Assistance may be provided to a user by presenting, by way of a
graphical user interface, for example, a set of possible classes of
SLAs for which parameterizable functions are available to implement
the SLA. The user may select one of the available classes or
specify a new class (step 402).
[0090] If a predefined class is selected (decision step 404), a
function associated with the class is selected from a library of
functions. Otherwise, the user may codify a new function to add to
the library (step 408).
[0091] In either case, parameter values are obtained from the user
for use by the selected function (step 410). For example, as
previously described the parameter values may indicate a time
interval, a quantity of an item, a product identifier or other
application-specific characteristic. The parameter values are used
by the function to evaluate whether a process instance violates or
satisfies the SLA implemented by the function.
[0092] Because SLAs may generally be viewed as an agreement between
a provider and a specific customer, the function may further be
parameterized by a customer identifier (step 412). This limits
applicability of the SLA definition to only the designated
customer. The SLA definition may then be saved for use in
determining whether process instances have complied with or
violated the SLA.
[0093] FIG. 7 is a flowchart of an example process for explaining
violations and satisfactions of an SLA for completed process
instances in accordance with various embodiments of the invention.

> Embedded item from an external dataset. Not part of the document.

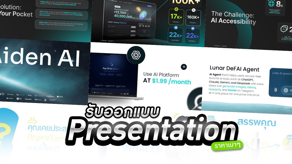 เราเสนอบริการ PowerPoint Design ที่ทันสมัยและเหมาะสมสำหรับภาคเอกชน ภาครัฐ หรือ StartUp ที่ต้องการเพิ่มความมืออาชีพให้กับงานนำเสนอของพวกเขา ทางเรามีประสบการณ์และความเชี่ยวชาญในการทำให้งานนำเสนอของคุณกลายเป็นผลงานที่น่าประทับใจ และตอบสนองต่อความต้องการของลูกค้าอย่างครบวงจร ด้วยเทคนิคการออกแบบที่ทันสมัยและการนำเสนอที่เป็นระบบ เรามุ่งมั่นที่จะสร้างประสบการณ์การนำเสนอที่น่าจดจำและมีคุณค่าสูงสุดสำหรับลูกค้าทุกท่าน ขั้นตอนการทำงาน 1. สอบถามความต้องการลูกค้า/บรีฟ 2. คิดหาไอเดียตามที่ลูกค้าต้องการ 3. เสนอไอเดียให้ลูกค้า 4. เมื่อลูกค้าเข้าใจไอเดียจึงเริ่มออกแบบ

This process may be invoked once an explanation model has been
created as described in the description of FIG. 3. It may be
preferable to create the model off line, for example with a
background process. Presenting the model to a user to provide
explanations may be done on line and therefore, in real time.
[0094] In explaining the process instances that violated or
satisfied an SLA, the process first obtains the explanation model
associated with a selected SLA (step 452). The SLA may be selected
by a user via a GUI of a reporting tool. The reporting tool may
then display the explanation model in a format that illustrates the
nodes and edges of the decision tree (step 454). For example, the
model may be displayed as a graph image of the nodes, edges, and
leaves in the decision tree or as a list of decision rules
corresponding to the different paths from the root of the tree to
each of the leaves.
[0095] FIG. 8 is a flowchart of an example process for predicting a
violation of an SLA in accordance with various embodiments of the
invention. The process begins by obtaining the tuples of the
running process instances (step 502). The tuples of the process
instances are read from the service status data 108 and the
information includes all status data associated with the running
process instances. The tuples are horizontalized so that a single
record is created for each process instance.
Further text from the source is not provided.